## WHAT THE TASK REQUIRES
Although the records contain pictures, repeat only the text of every line exactly.

EXTRACTED MATERIAL START

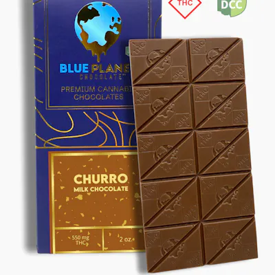 "Creamy milk chocolate blended with crunchy churro pieces, crystallized sugar, and a touch of Madagascar cinnamon creates a warm and sweet spiced flavor experience. With 550 milligrams of THC in each bar, this elevated format offers a bold and flavorful option for those who prefer a higher milligram chocolate. Crafted by Blue Planet Chocolate using recipes developed by Cleveland Master Chocolatier Joel Fink and his skilled team, this bar reflects more than 40 years of chocolate-making expertise. Powered by Lighthouse Sciences, each piece is precisely infused using premium cannabis oil and produced with care to ensure consistent quality and a clean finish. Ingredients: Cannabis concentrate, sugar, chocolate liquor, cocoa butter, milk, soy lecithin, vanillia, whole grain wheat, corn meal, brown sugar syrup, canola oil, honey, baking soda, dextrose, trisodium Phosphate, Natural flavor, rosemary extract"
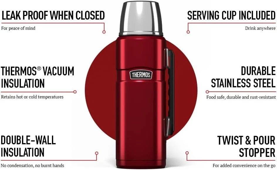 Genuine Thermos Brand Stainless King Flask 1.2L red
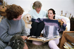 Natasha Noble (right), diagnosed with AIDS three years ago, receives support from Arlington's AIDS Care volunteers, Linda Leithner (left) and Charlotte Heath, 11/11/1990. There are three dogs in the image. Natasha has a book of photographs on her legs.
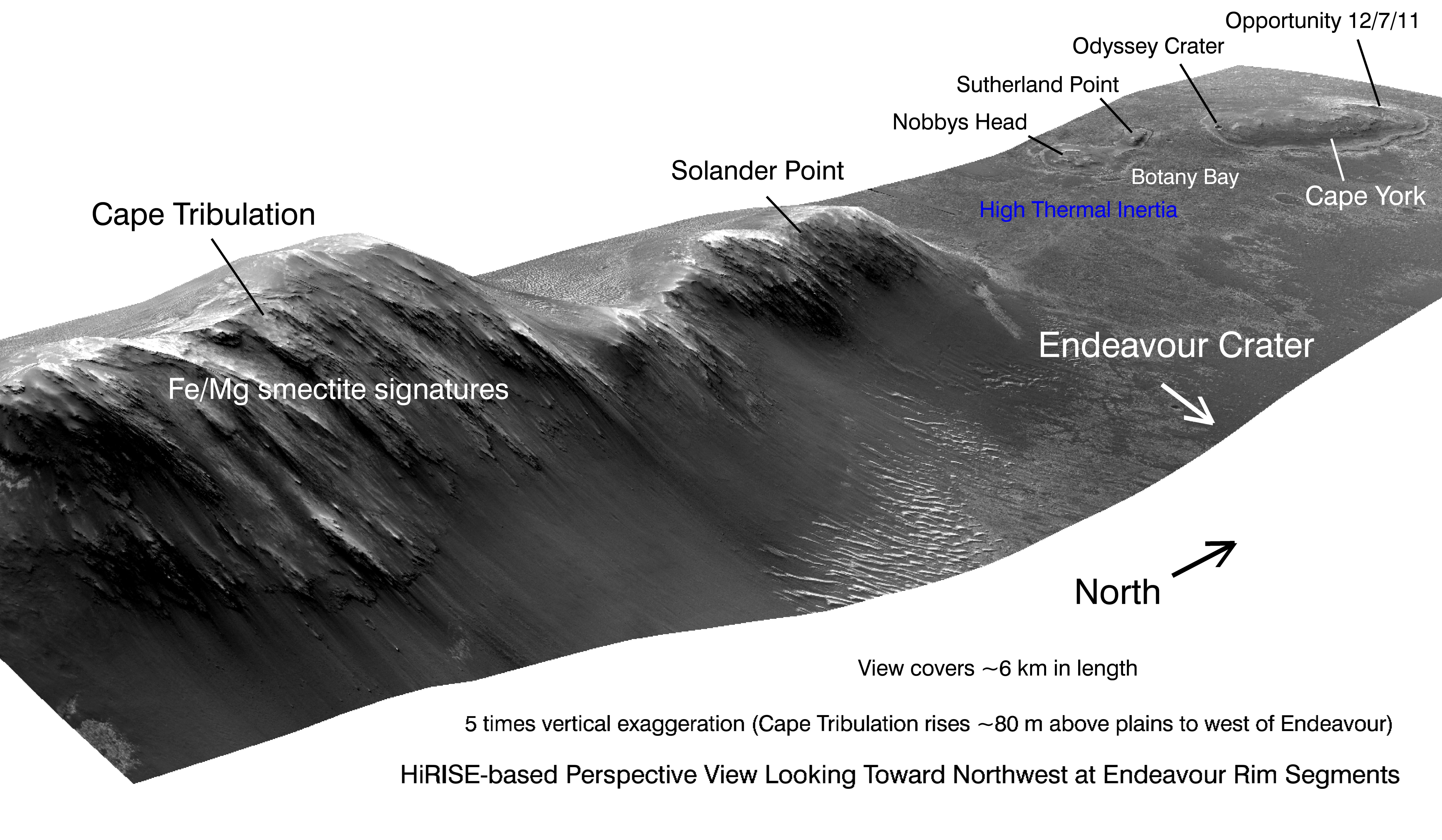 This view shows portions of the western rim of Endeavour Crater on Mars from a perspective looking toward the northwest. The image exaggerates the landscape's vertical dimension five-fold compared with horizontal dimensions. The scene covers about 4 miles (6 kilometers) in length. Major portions of the rim are labeled.
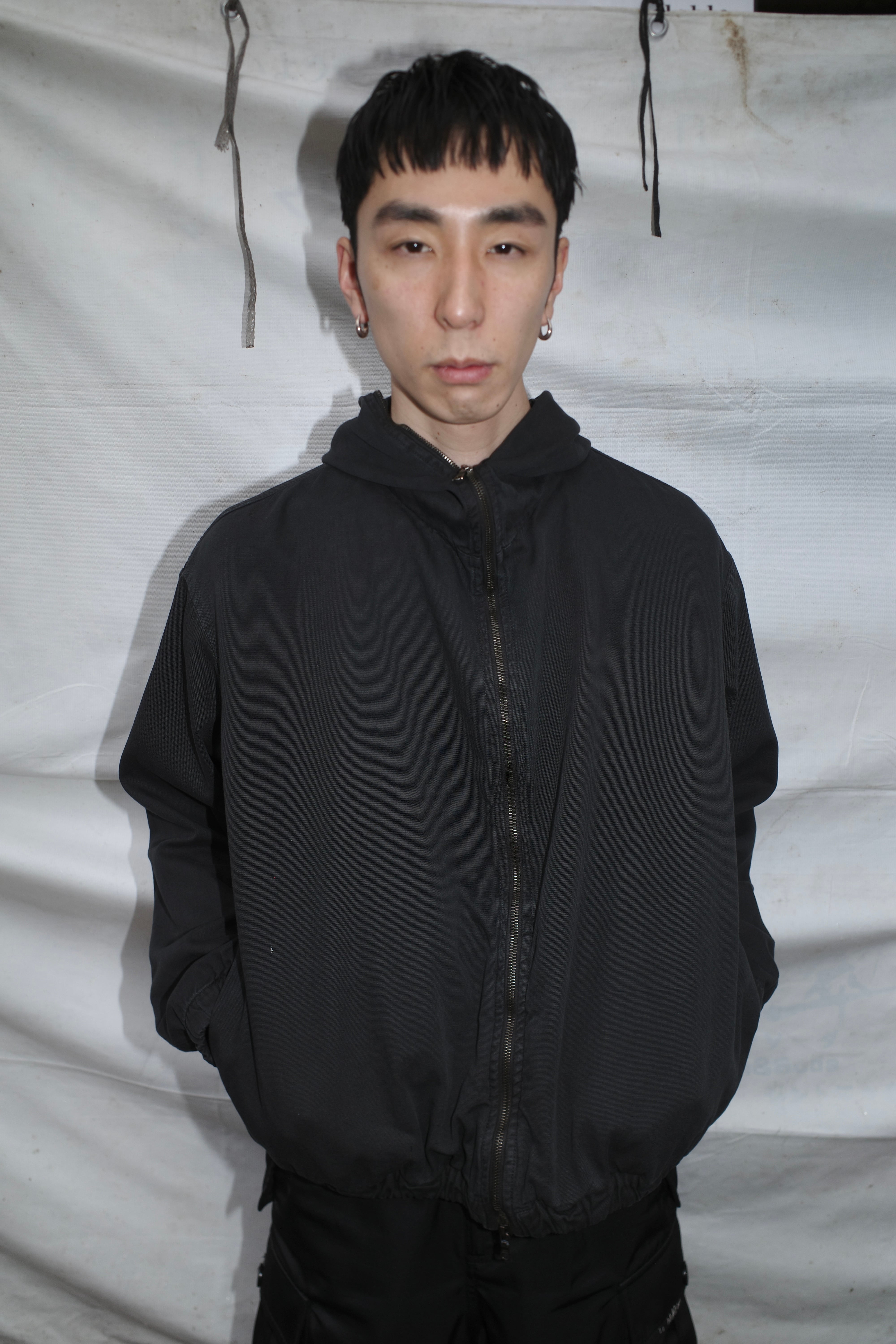 GABRIELA COLL GARMENTS THIN CANVAS HOODED ZIPPER JACKET BLACK S12-216
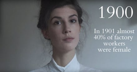 Her video, titled "Real Women — Beauty Through the Decades the Realistic Way," demonstrates a stereotypical makeup-and-hair look for each decade, like many of the viral "100 Years" videos do. Then she switches to what an non-privileged, working woman would have been experiencing at that time.
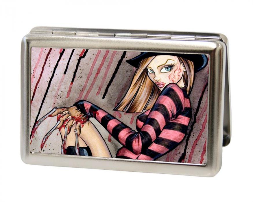 This metal ID case is an awesome way to carry around cash, cards, and identification. Slim and sleek, this stainless steel business card holder measures 4.5x3.0x1.0 Inches, and easily fits into pockets or bags. This product is Made in the USA by Buckle-Down Inc. and Officially Licensed by Sexy Ink Girls.
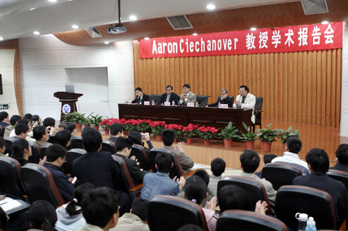 在题为“On the Dynamics of Our Proteins: From Basic Mechanisms and onto the Patient Bed(蛋白质动力学-从基本机制到人类疾病)”的学术报告中,阿龙•西查诺瓦教授完美地诠释了顶尖学者的大家风范和严谨认真的科学态度,他高屋建瓴地为师生讲解了细胞蛋白质降解过程的动因和意义,降解异常如何引起细胞功能的紊乱和疾病,以及通过调节蛋白质降解治疗癌症的前沿技术等问题。西查诺瓦教授介绍说,蛋白降解曾被认为是一非特异性的终止的过程而被忽视。而他们对泛素通路复杂级联反应的发现革新了这一领域。西查诺瓦教授发现,泛素控制的蛋白质降解不仅能够清除错误蛋白质,而且对细胞生长周期、DNA 复制以及染色体结构都有重要的调控作用。这一领域还有许多未解之谜等待后人破题。
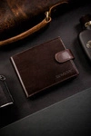 Skórzany portfel męski brązowy na dokumenty RFID - Rovicky PC-103-BAR

EXTRACTED MATERIAL END

## EXERCISE RESPONSE
 "Creamy milk chocolate blended with crunchy churro pieces, crystallized sugar, and a touch of Madagascar cinnamon creates a warm and sweet spiced flavor experience. With 550 milligrams of THC in each bar, this elevated format offers a bold and flavorful option for those who prefer a higher milligram chocolate. Crafted by Blue Planet Chocolate using recipes developed by Cleveland Master Chocolatier Joel Fink and his skilled team, this bar reflects more than 40 years of chocolate-making expertise. Powered by Lighthouse Sciences, each piece is precisely infused using premium cannabis oil and produced with care to ensure consistent quality and a clean finish. Ingredients: Cannabis concentrate, sugar, chocolate liquor, cocoa butter, milk, soy lecithin, vanillia, whole grain wheat, corn meal, brown sugar syrup, canola oil, honey, baking soda, dextrose, trisodium Phosphate, Natural flavor, rosemary extract"
 Genuine Thermos Brand Stainless King Flask 1.2L red
 Natasha Noble (right), diagnosed with AIDS three years ago, receives support from Arlington's AIDS Care volunteers, Linda Leithner (left) and Charlotte Heath, 11/11/1990. There are three dogs in the image. Natasha has a book of photographs on her legs.
 This view shows portions of the western rim of Endeavour Crater on Mars from a perspective looking toward the northwest. The image exaggerates the landscape's vertical dimension five-fold compared with horizontal dimensions. The scene covers about 4 miles (6 kilometers) in length. Major portions of the rim are labeled.
 GABRIELA COLL GARMENTS THIN CANVAS HOODED ZIPPER JACKET BLACK S12-216
 Her video, titled "Real Women — Beauty Through the Decades the Realistic Way," demonstrates a stereotypical makeup-and-hair look for each decade, like many of the viral "100 Years" videos do. Then she switches to what an non-privileged, working woman would have been experiencing at that time.
 This metal ID case is an awesome way to carry around cash, cards, and identification. Slim and sleek, this stainless steel business card holder measures 4.5x3.0x1.0 Inches, and easily fits into pockets or bags. This product is Made in the USA by Buckle-Down Inc. and Officially Licensed by Sexy Ink Girls.
 在题为“On the Dynamics of Our Proteins: From Basic Mechanisms and onto the Patient Bed(蛋白质动力学-从基本机制到人类疾病)”的学术报告中,阿龙•西查诺瓦教授完美地诠释了顶尖学者的大家风范和严谨认真的科学态度,他高屋建瓴地为师生讲解了细胞蛋白质降解过程的动因和意义,降解异常如何引起细胞功能的紊乱和疾病,以及通过调节蛋白质降解治疗癌症的前沿技术等问题。西查诺瓦教授介绍说,蛋白降解曾被认为是一非特异性的终止的过程而被忽视。而他们对泛素通路复杂级联反应的发现革新了这一领域。西查诺瓦教授发现,泛素控制的蛋白质降解不仅能够清除错误蛋白质,而且对细胞生长周期、DNA 复制以及染色体结构都有重要的调控作用。这一领域还有许多未解之谜等待后人破题。
 Skórzany portfel męski brązowy na dokumenty RFID - Rovicky PC-103-BAR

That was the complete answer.